Table 4 shows the 3D orbital bone defect reconstruction material, where polyether ether ketone (PEEK) was used in only one case (14.3%) while polymethyl methacrylate (PMMA) was used in 5 cases (71.4%) and one case  poly-cule was used. Table 5 shows the quality of life, social interaction, and emotional well-being of the study patients. Regarding quality of life, six patients had good outcomes and one had poor outcomes. Similarly, regarding social interaction, all patients had good outcomes, six patients had good emotional well-being, and one patient had poor emotional well-being. Table 6 shows the follow-up complaints of patients who underwent orbital reconstruction surgery using 3D printing technology. Pain was reported in 42.9% of patients, all of whom (7 patients) still suffered from aesthetic deformity, and 23.6% reported infection. 

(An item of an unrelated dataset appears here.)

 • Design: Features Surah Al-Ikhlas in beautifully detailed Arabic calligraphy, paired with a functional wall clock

Table 7 shows the fracture locations of patients who underwent orbital reconstruction using 3D printing technology. Fractures occurred in the mandible (14.3%), the maxilla (28.6%), the nose (14.3%), the zygomatic bone (57.1%), the orbit (100%), and the frontal bone (28.6%). 

Table 8 shows the types of fractures in patients who underwent orbital reconstruction using 3D printing technology. Comminuted fractures were found in all seven patients, maxillary sinus fractures in one case, and no simple fractures, compound fractures, or complex fractures were recorded. Table 9 shows the orientation of jaw and facial fractures in patients who underwent maxillofacial reconstruction using 3D printing technology. Unilateral fracture orientation was found in 71.4% of patients, segmental fracture orientation in 28.6%, and partial fracture orientation in 14.3% of cases.

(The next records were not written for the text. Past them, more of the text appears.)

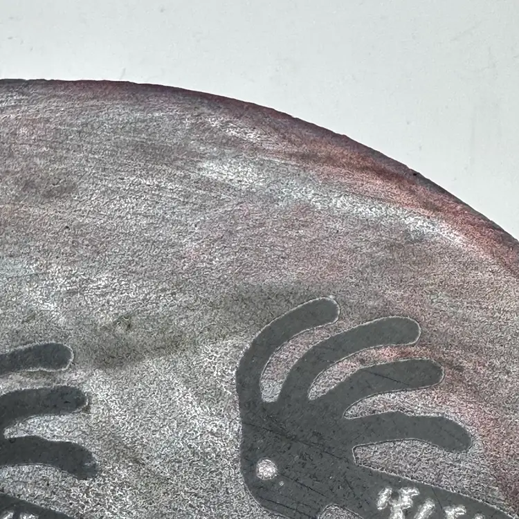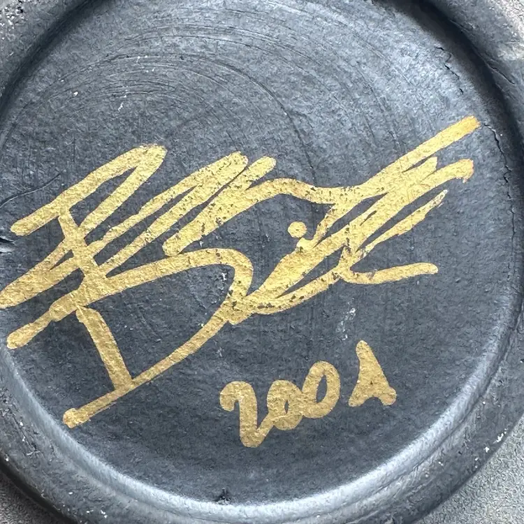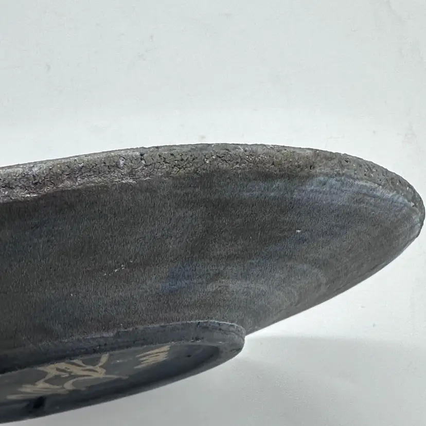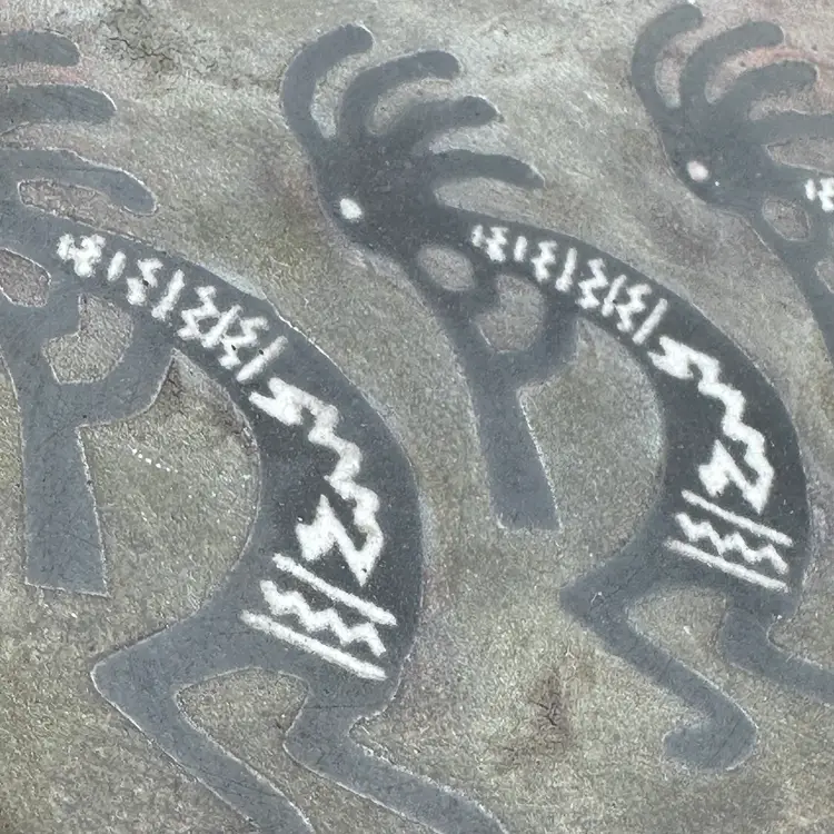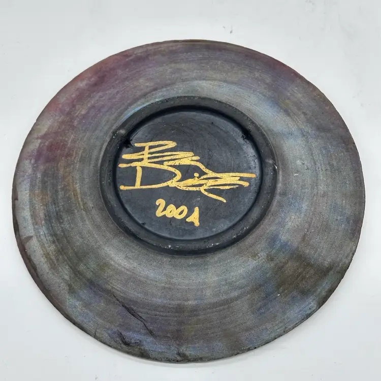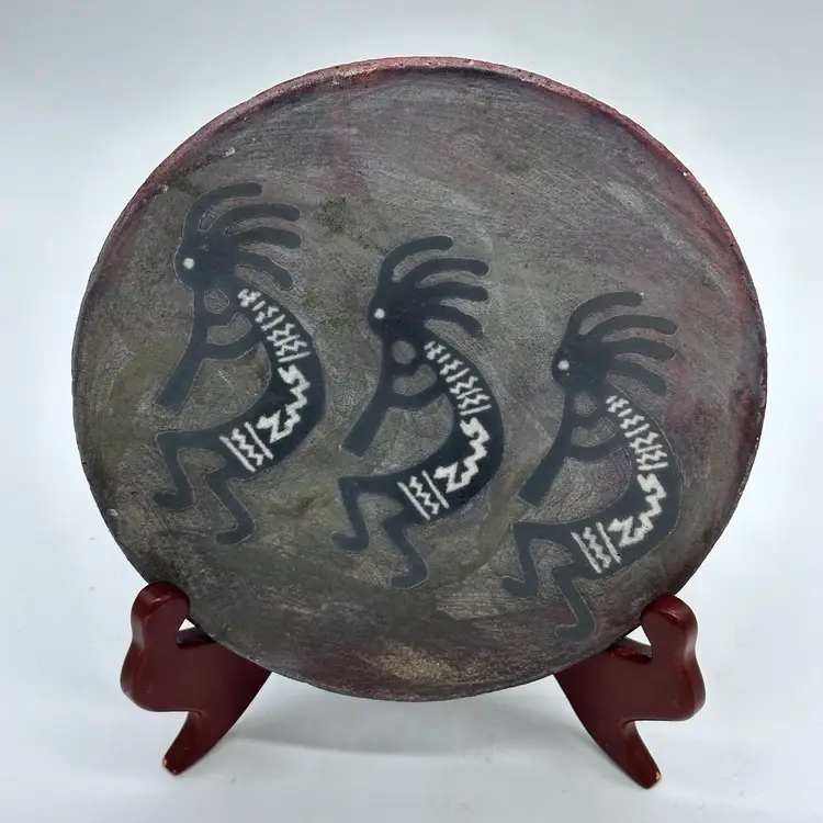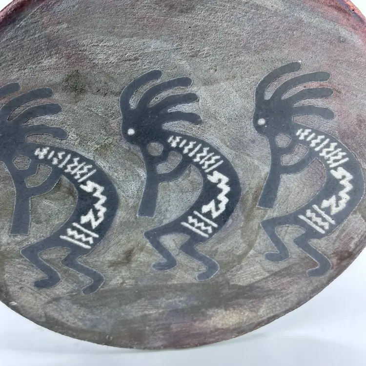 This handmade plate by Ben Diller features a beautiful Kokopelli pattern on a round 7 1/2 inch diameter surface. The plate is made of clay and was created using the Raku Pottery technique. In good condition. Does not have any chips or cracks.
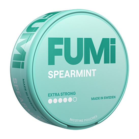 FUMi Spearmint Extra Strong har smaken spearmint i formatet slim med en nikotinstyrka på 1,6 % (ca 11 mg/prilla) och styrkan 4 Extra Stark. Snuset tillverkas av Helix Sweden AB under varumärket FUMi, som utvecklar tobaksfria nikotinpåsar i olika styrkor och smakprofiler. En dosa innehåller 20 prillor och totalvikten är 14 gram. Slim-formatet innebär en prilla som väger 0,7 gram och frigör smak och nikotin gradvis. Snuset tillhör kategorin Vitt Snus.
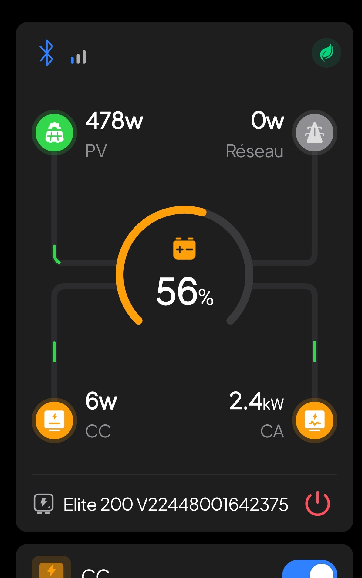 But I’m encountering a small issue with solar charging. It’s being charged by a solar panel (33V-440W). Most of the time, the charging system works well, and I reach around 350W of charging power in sunny conditions.
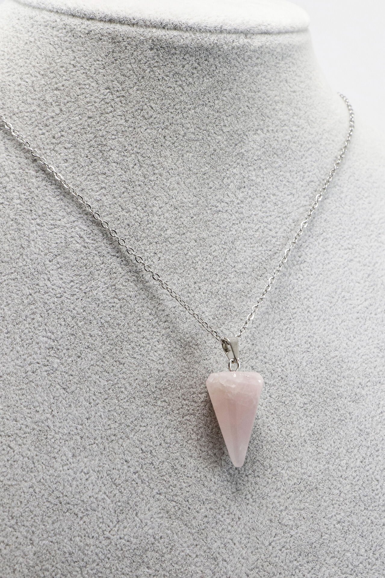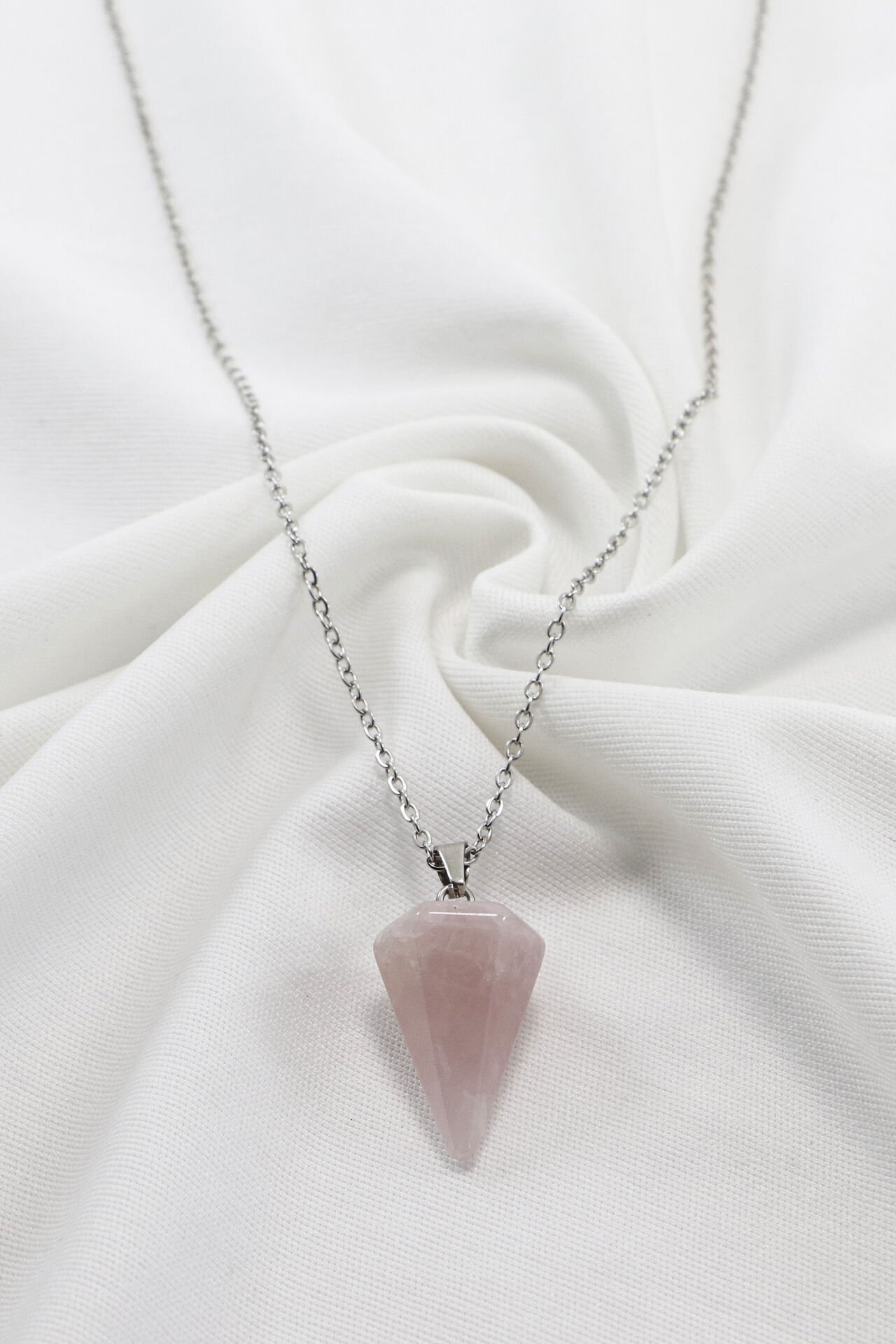60 cm uzunluğundaki paslanmaz çelik zinciriyle tamamlanan bu zarif kolye, kalp formundaki Pembe Kuvars (Rose Quartz) doğal taşıyla tasarlanmıştır.

Table 10 shows the types of previous procedures and the reasons for their failure in orbital fracture patients who underwent orbital reconstruction using 3D printing technology. Based on the types of procedures, 85.7% of patients underwent tissue debridement, and 14.3% bone grafting. 

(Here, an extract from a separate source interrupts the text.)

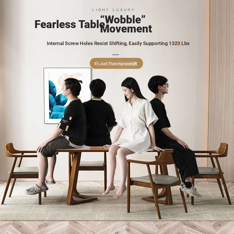 Modern Minimalist Solid Wood Dining Table and Chair Set - Expandable and Foldable Round Table for Small Homes, Perfect for Six People Enjoying Meals Together.
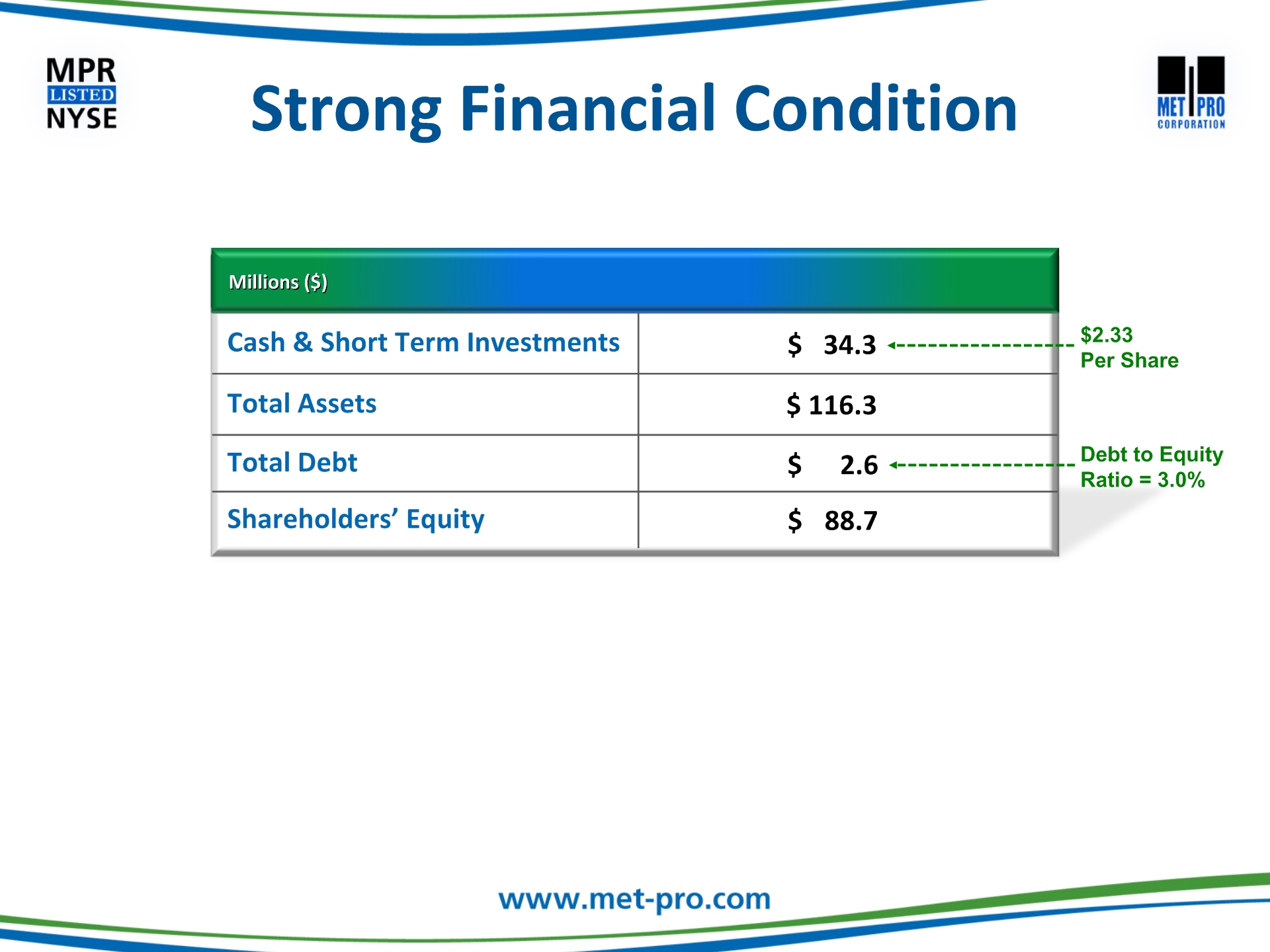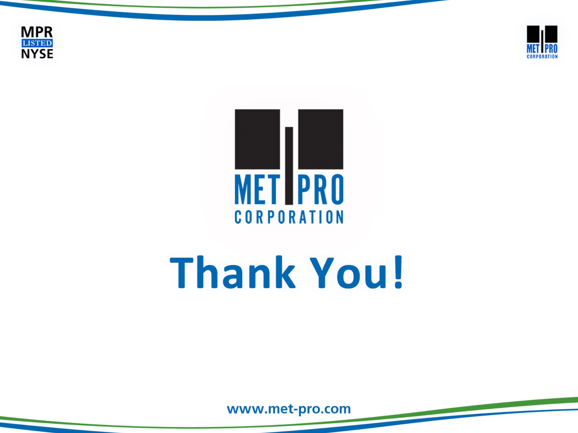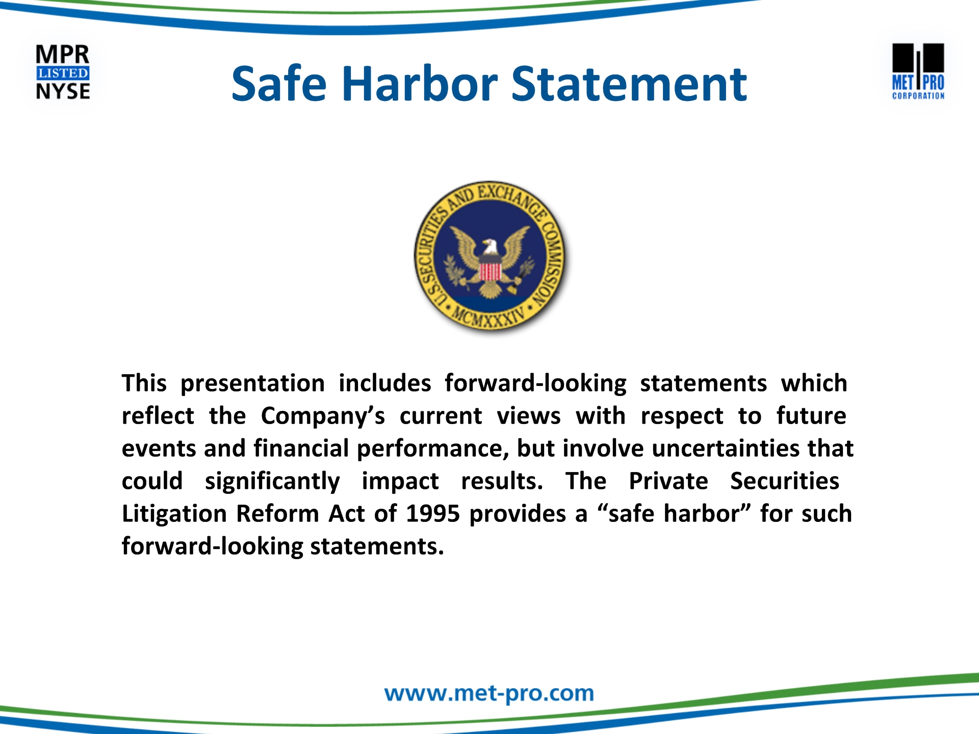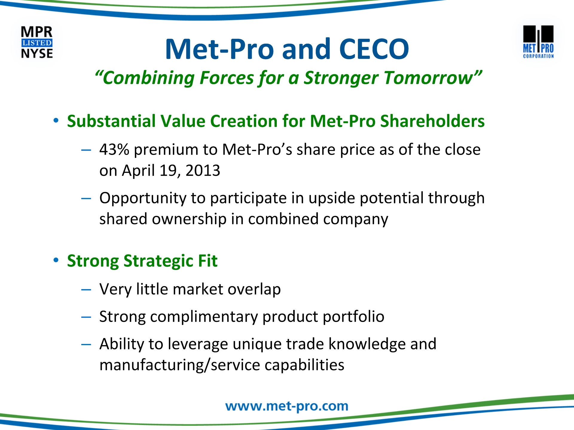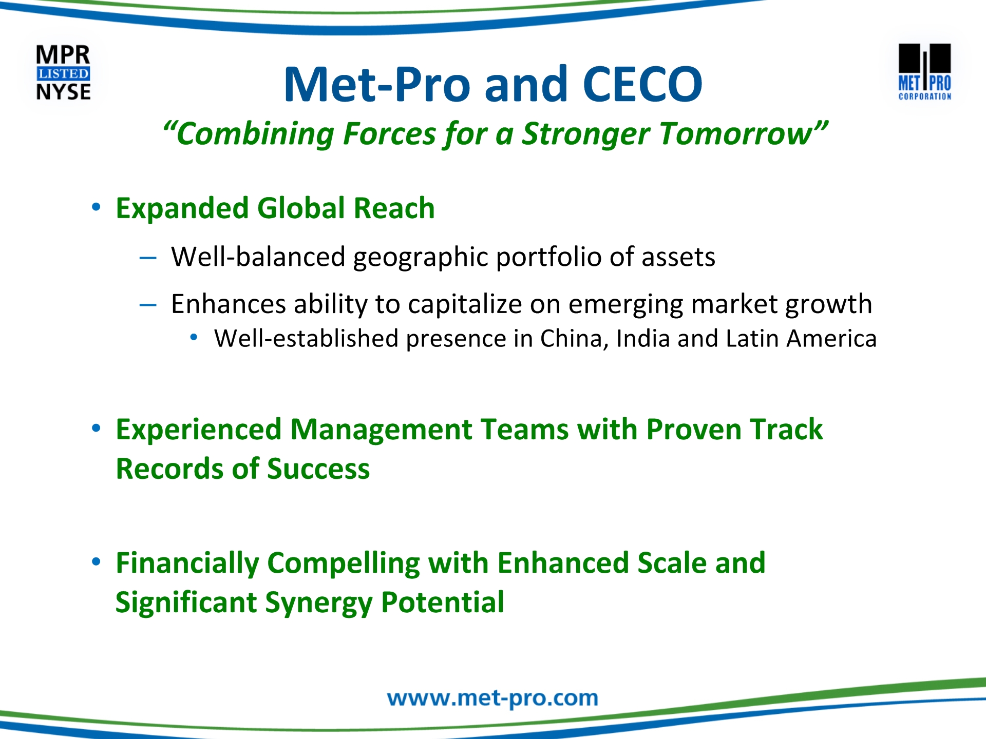 Click to edit Master title style Click to edit Master text stylesSecond levelThird levelFourth levelFifth level This communication may be deemed solicitation material in respect of the proposed acquisition of Met-Pro by CECO. In connection with the proposed merger, Met-Pro and CECO have filed with the Securities and Exchange Commission (“SEC”) a registration statement on Form S-4, which includes a prospectus/proxy statement. The prospectus/proxy statement, will be mailed to the shareholders of Met-Pro in advance of the special meeting. BEFORE MAKING ANY VOTING DECISIONS, SHAREHOLDERS OF MET-PRO ARE URGED TO CAREFULLY READ THE REGISTRATION STATEMENT, INCLUDING THE PROSPECTUS/PROXY STATEMENT, AND OTHER RELEVANT MATERIALS WHEN THEY BECOME AVAILABLE BECAUSE THEY WILL CONTAIN IMPORTANT INFORMATION ABOUT MET-PRO AND THE PROPOSED MERGER. Shareholders may obtain a free copy of the registration statement, including the prospectus/proxy statement, and any other relevant documents filed by Met-Pro and CECO with the SEC (when available) at the SEC’s website at www.sec.gov, at Met-Pro’s Investor Relations website at www.met-pro.com/investor-relations, or by directing a request to, Met-Pro Corporation, 160 Cassell Road, P.O. Box 144, Harleysville, PA 19438, Attention: Investor Relations, or calling (215) 723-6751 or emailing at mpr@met-pro.com. Additional Information and Where to Find it

Based on the reasons for failure of the first previous procedure, the instability rate was 85.7%, with 100% due to inadequate fixation, and 28.6% due to infection. Table 11 shows the effect of the injuries on eye tissues among orbital fractures  patients who underwent orbital  reconstruction using 3D printing technology.  Lamina papyrececa was effected in 42.9%, orbital rim effected in 42.9% of the patients, also lateral wall was effected in 42.9% of the patients. Medial wall Floor effected I 14.3% as floor effected in 14.3%. Rupture of eye globe occurred 42.9% of the patients, also Super orbital rim effected in 14.3%, and Zygomatic  bone and arch in 14.3%. Table 12 shows the follow up after surgery among orbital fractures patients who underwent orbital reconstruction using 3D printing technology. 

Table 13 shows the postoperative evaluation and recovery experience among maxillofacial fracture patients who underwent maxillofacial reconstruction using 3D printing technology. 57.1% of patients were highly satisfied, 114.3% satisfied, and 28.7% were satisfied with the surgical results. However, 14.3% were dissatisfied. Table 14 shows the postoperative assessment and quality of life of orbital fracture patients who underwent orbital reconstruction using 3D printing technology.  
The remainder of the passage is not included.